Limitations & Future Work

  1. The authors note that artifacts may still occur in small regions like hands, which could be mitigated by utilizing higher resolutions or larger models like SDXL.
  2. The collection of point pairs relies on the matching quality of pre-trained SD features, which might fail under extreme deformations.
  3. Currently only static images are supported; extending this to video try-on is a promising direction.
  4. Whether the maximum of K=24 control points is sufficient to cover all fine-grained control requirements remains to be explored further.

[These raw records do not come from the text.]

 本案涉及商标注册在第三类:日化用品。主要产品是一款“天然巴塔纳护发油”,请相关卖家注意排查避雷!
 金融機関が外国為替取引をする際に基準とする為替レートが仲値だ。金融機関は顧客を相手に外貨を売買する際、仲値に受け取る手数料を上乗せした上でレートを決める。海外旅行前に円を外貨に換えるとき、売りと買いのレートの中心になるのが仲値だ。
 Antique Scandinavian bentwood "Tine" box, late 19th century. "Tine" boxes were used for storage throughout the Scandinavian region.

  5. The metric used to quantitatively evaluate manipulability (landmark distance) relies extensively on the accuracy of the FashionAI detector.
  • DragGAN/DragDiffusion: Drag-based image editing methods, which lack precision in clothing scenarios and often distort human body structures.

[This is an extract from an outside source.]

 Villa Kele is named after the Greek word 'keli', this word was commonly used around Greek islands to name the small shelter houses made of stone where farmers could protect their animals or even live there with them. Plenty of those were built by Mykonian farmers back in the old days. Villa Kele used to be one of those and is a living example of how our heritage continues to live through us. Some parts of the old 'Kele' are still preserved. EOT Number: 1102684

  • TryOnDiffusion: Also utilizes a dual U-Net, but requires massive multi-pose training data and lacks support for wearing style control.
  • StableVITON: Employs zero cross-attention to condition spatial encoders but achieves inferior detail preservation compared to Reference U-Net.
  • Insight: The semantic correspondence ability of diffusion models can serve as a general-purpose tool for dense matching of non-rigid objects.

Rating

  • Novelty: ⭐⭐⭐⭐⭐ It proposes the concept and complete solution for manipulable virtual try-on for the first time, with an elegantly designed sparse correspondence alignment.
  • Experimental Thoroughness: ⭐⭐⭐⭐ Evaluated on both standard and controllable dimensions with comprehensive ablations, though lacking user studies.
  • Writing Quality: ⭐⭐⭐⭐ The illustrations are rich and intuitive, the methodology description is clear, and the application scenarios are well demonstrated.
  • Value: ⭐⭐⭐⭐⭐ Directly applicable in the fashion industry, opening up a new interaction paradigm for virtual try-on.